◆ **Problem**
From the line containing "Leaching assay. (A)" down to the line containing "با ورود به کابین", copy out the entries below exactly, both lines included, and nothing else; pictures do not belong in the copy.

(Stored data)
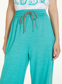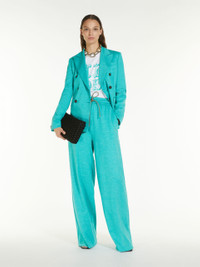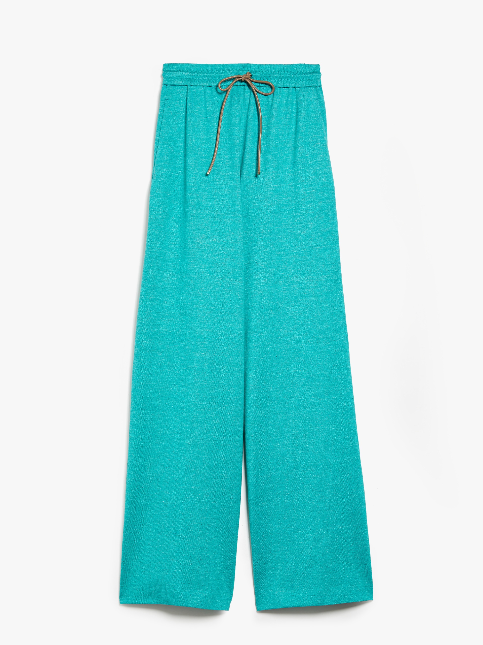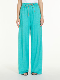 DETAILS Wide trousers with a sporty appeal made from soft cotton and linen jersey, characterised by an elasticated waist with drawstring and slanted pockets on the sides. Length: 112 cm. COMPOSITION AND CARE 60% cotton, 40% flaxlinen. Do not wash; do not bleach; do not tumble dry; cool iron; professionally dry clean perchloroethylene - mild process; do not wet clean.; iron with a cloth between. Distributed by Max Mara S.r.l., registered office in Reggio Emilia (Italy), Via Giulia Maramotti 4, 42124 (IT)
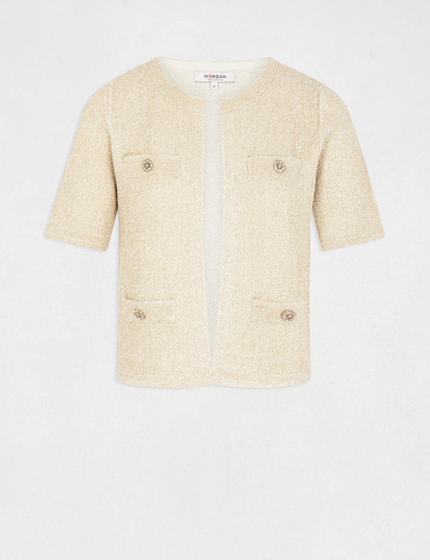 Bandes effet poches passepoilées avec un bouton décoratif sur le buste
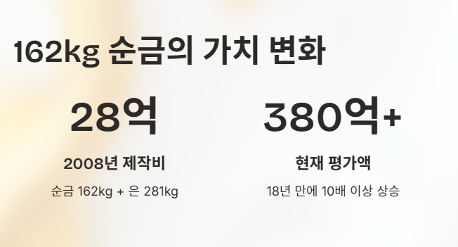 2008년 제작 당시 재료비는 약 28억 원 수준이었지만, 최근 금 시세 상승으로 현재 평가 가치는 380억 원을 훌쩍 넘는 수준으로 알려졌습니다.
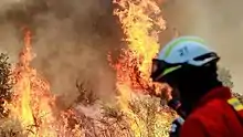 Aerial water bombers dropped 10,000 litres (2,200 imp gal; 2,600 US gal) of fire retardant on the fire fronts to stop the progress of the fire.[26] It had been reported that so far only four firefighters were injured, one fire appliance overturned and one was burnt.[28] Three thousand buildings had been saved.[28]
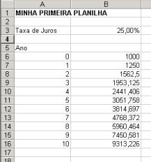 Conteúdos da célula de cima * (1 + taxa de juros)
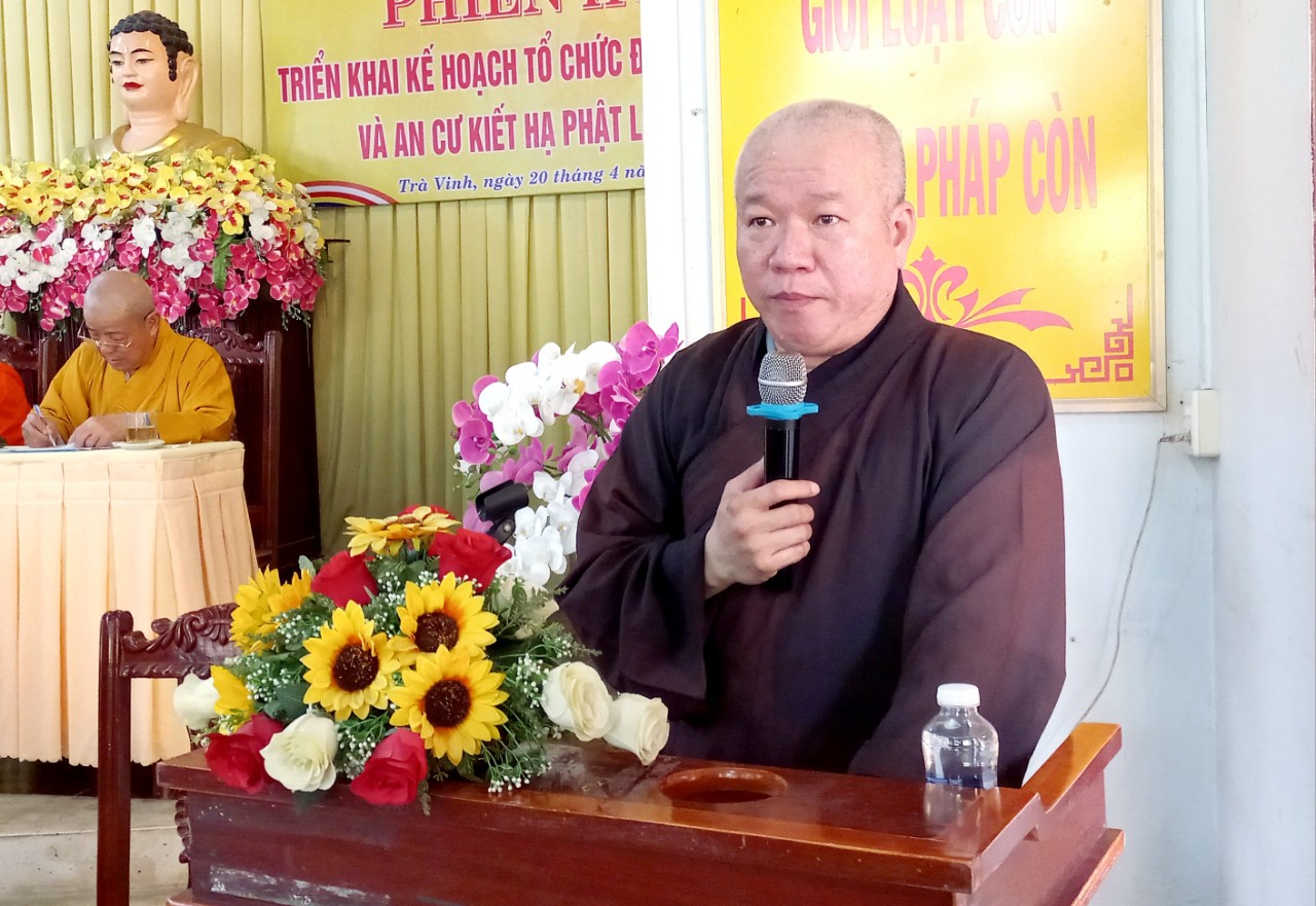Sau phần phát biểu khai mạc của HT. Thạch Sok Xane, ĐĐ. Thích Minh Trí – Phó Thư ký kiêm Chánh Văn phòng BTS, Trưởng ban Thông tin Truyền thông Phật giáo tỉnh đã trình kế hoạch chào mừng Đại lễ Phật đản và An cư Kiết hạ, PL.2567 đến chư Tôn đức.
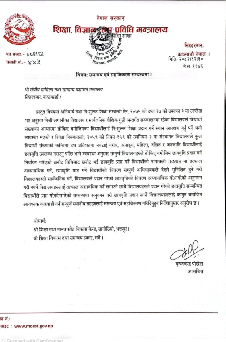 साथै छात्रवृत्ति प्राप्त गर्ने विद्यार्थीको विवरण सम्पूर्ण अभिभावकले देख्ने सुनिश्चित हुने गरी विद्यालयहरुले सार्वजनिक गर्ने तथा विद्यालयले प्रदान गरेको छात्रवृत्तिको विवरण अध्यावधिक गरे र नगरेको अनुगमन गरी नगर्ने विद्यालयलाई तत्काल अद्यावधिक गर्न लगाउने पत्रमा भनिएको छ ।
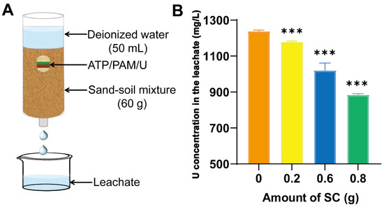 Leaching assay. (A) Schematic diagram of the leaching system. (B) Influence of the amount of SC on the leaching loss of urea from soil. Notes: ATP: attapulgite; PAM: polyacrylamide; U: urea. Asterisks indicate statistically significant differences, as determined by Student’s t-test (*** p < 0.001).
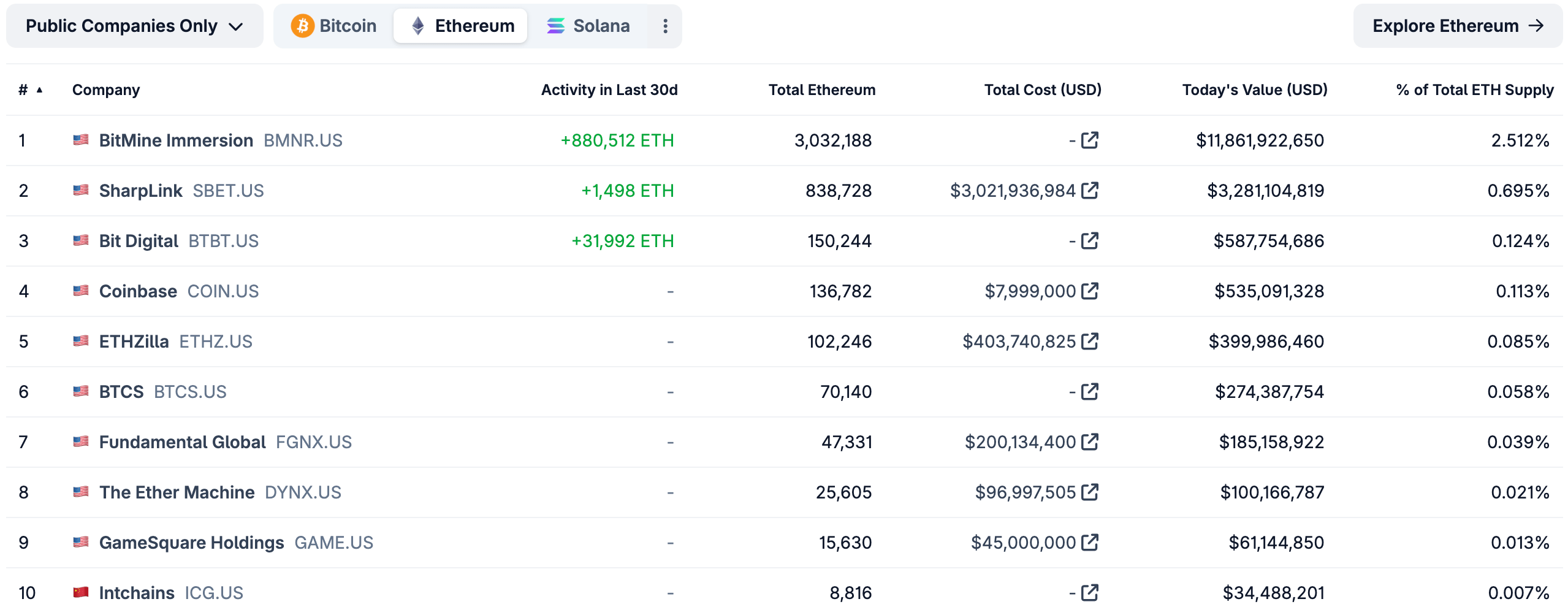 据Coingecko数据,SharpLink当前以太坊持仓量在上市公司中位列第二。BitMine Technologies仍以超300万枚ETH的持仓量稳居榜首。
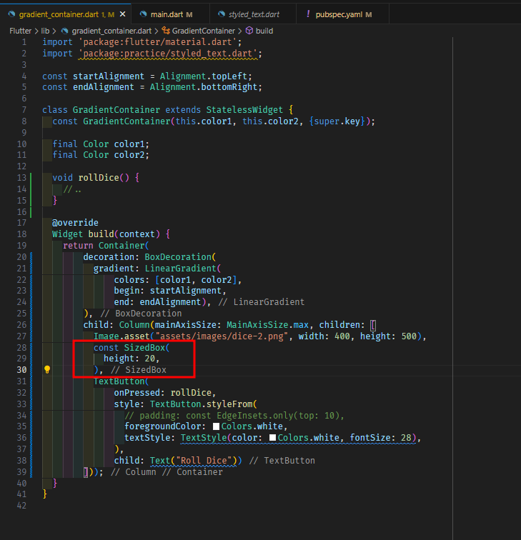 2. 이미지 위젯과 버튼 위젯 사이에 SizedBox 위젯 넣어주기
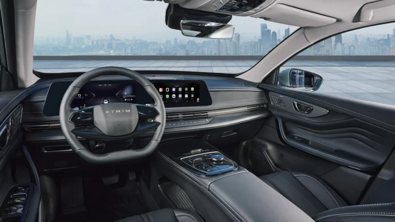 با ورود به کابین XTRIM SX، فصل تازه‌ای از مدرنیته آغاز می‌شود. فضای داخلی این خودرو با نمایشگر یکپارچه خمیده ۲۴.۶ اینچی تعریف شده که با شعاع انحنای 3000R، جلوه‌ای آینده‌نگر و منسجم ایجاد می‌کند. در پس این نمایشگر، قلب تپنده سیستم دیجیتال قرار دارد و آن  تراشه پرچم‌دار Qualcomm Snapdragon 8155می باشد.
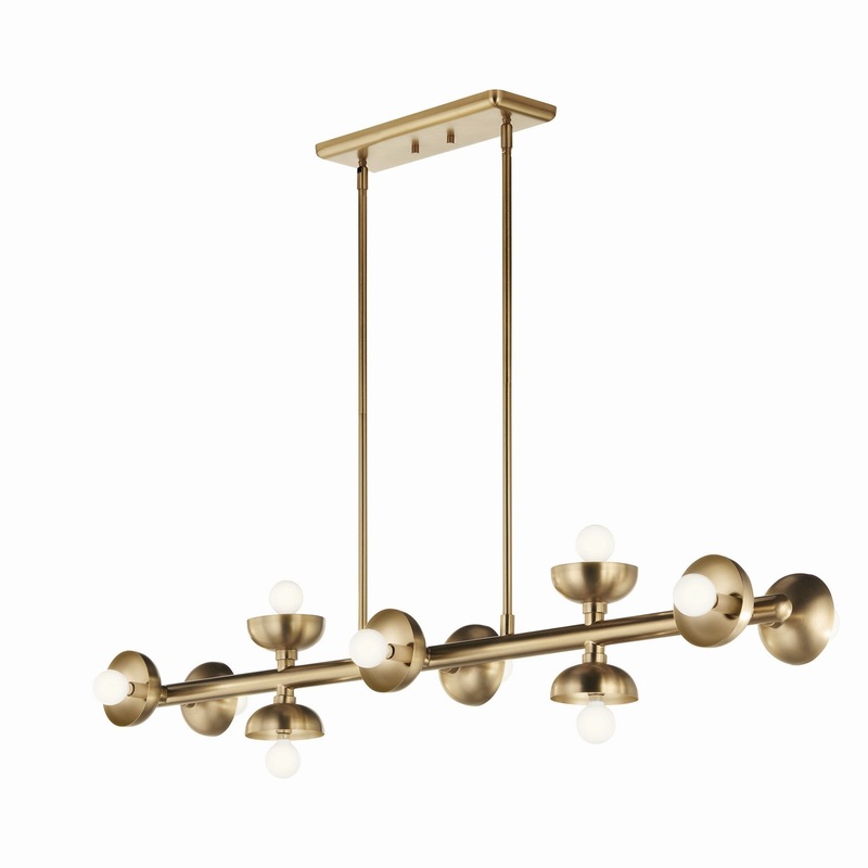 With its slim silhouette, the Palta linear chandelier elevates lighting to artistic expression. Its sleek profile in champagne bronze coordinates beautifully with various styles. Change the bulbs to change its look.
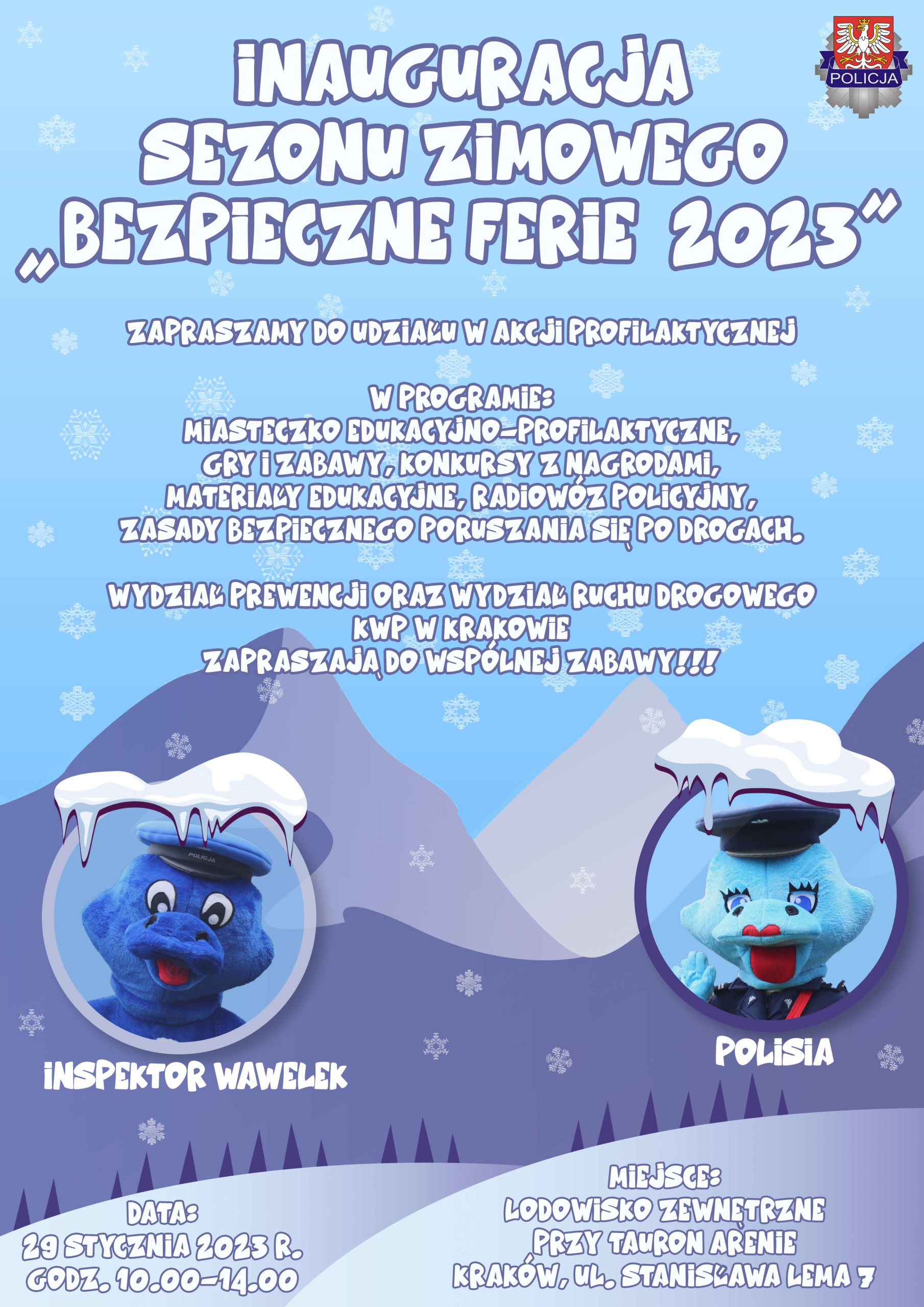 W ramach wydarzenia, które odbędzie się przy TAURON Arenie Kraków policjanci będą przypominać o podstawowych zasadach dotyczących: bezpieczeństwa na stoku, lodowisku i zamarzniętych zbiornikach wodnych, podczas spędzania czasu wolnego w domu lub na zorganizowanym wypoczynku zimowym, w podróży, bezpieczeństwa poruszania się po drogach i szlakach górskich, a także podczas gier i zabaw rekreacyjnych w terenie.
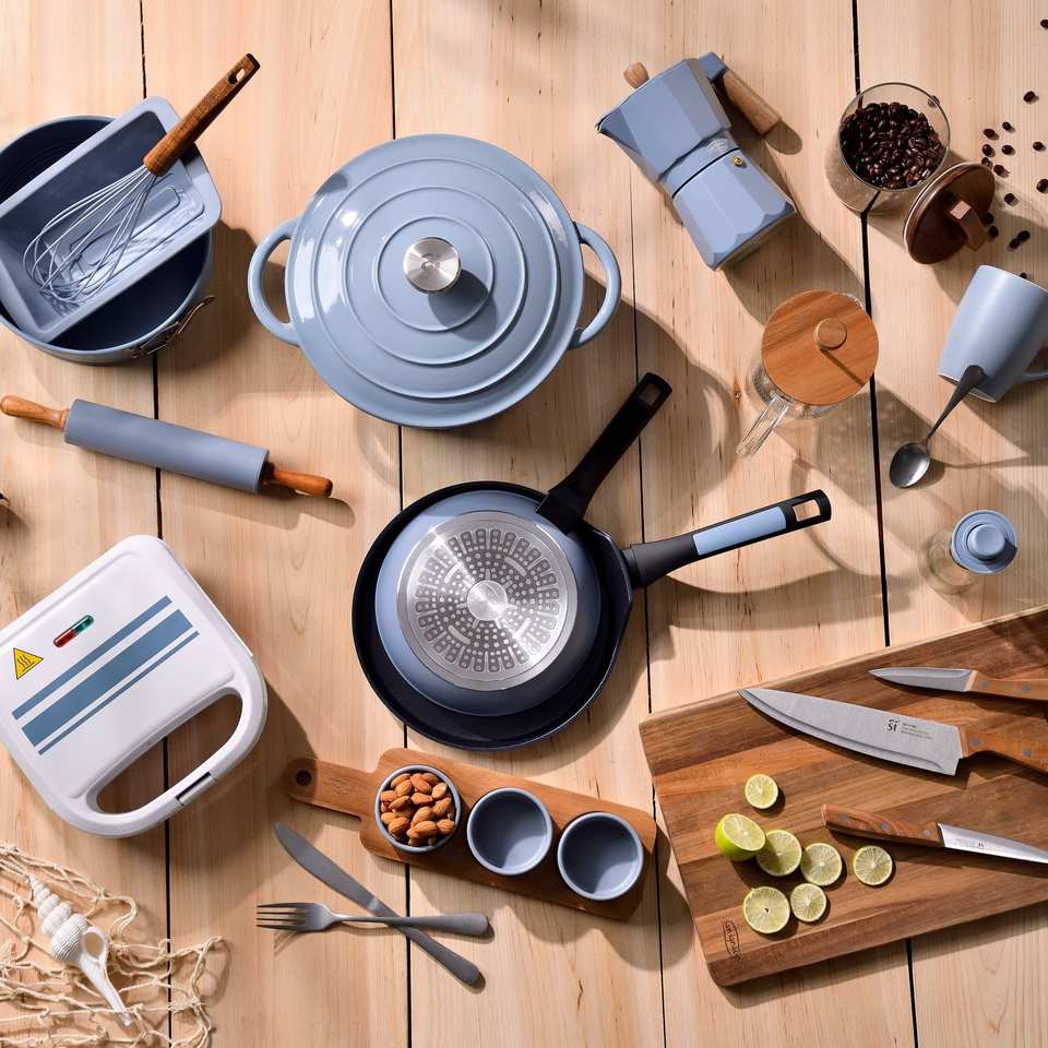 Set di 3 padelle San Ignacio 16/20/24 cm + set di 5 utensili da cucina in silicone e legno di acacia

◆ **Written solution**
 Leaching assay. (A) Schematic diagram of the leaching system. (B) Influence of the amount of SC on the leaching loss of urea from soil. Notes: ATP: attapulgite; PAM: polyacrylamide; U: urea. Asterisks indicate statistically significant differences, as determined by Student’s t-test (*** p < 0.001).
 据Coingecko数据,SharpLink当前以太坊持仓量在上市公司中位列第二。BitMine Technologies仍以超300万枚ETH的持仓量稳居榜首。
 2. 이미지 위젯과 버튼 위젯 사이에 SizedBox 위젯 넣어주기
 با ورود به کابین XTRIM SX، فصل تازه‌ای از مدرنیته آغاز می‌شود. فضای داخلی این خودرو با نمایشگر یکپارچه خمیده ۲۴.۶ اینچی تعریف شده که با شعاع انحنای 3000R، جلوه‌ای آینده‌نگر و منسجم ایجاد می‌کند. در پس این نمایشگر، قلب تپنده سیستم دیجیتال قرار دارد و آن  تراشه پرچم‌دار Qualcomm Snapdragon 8155می باشد.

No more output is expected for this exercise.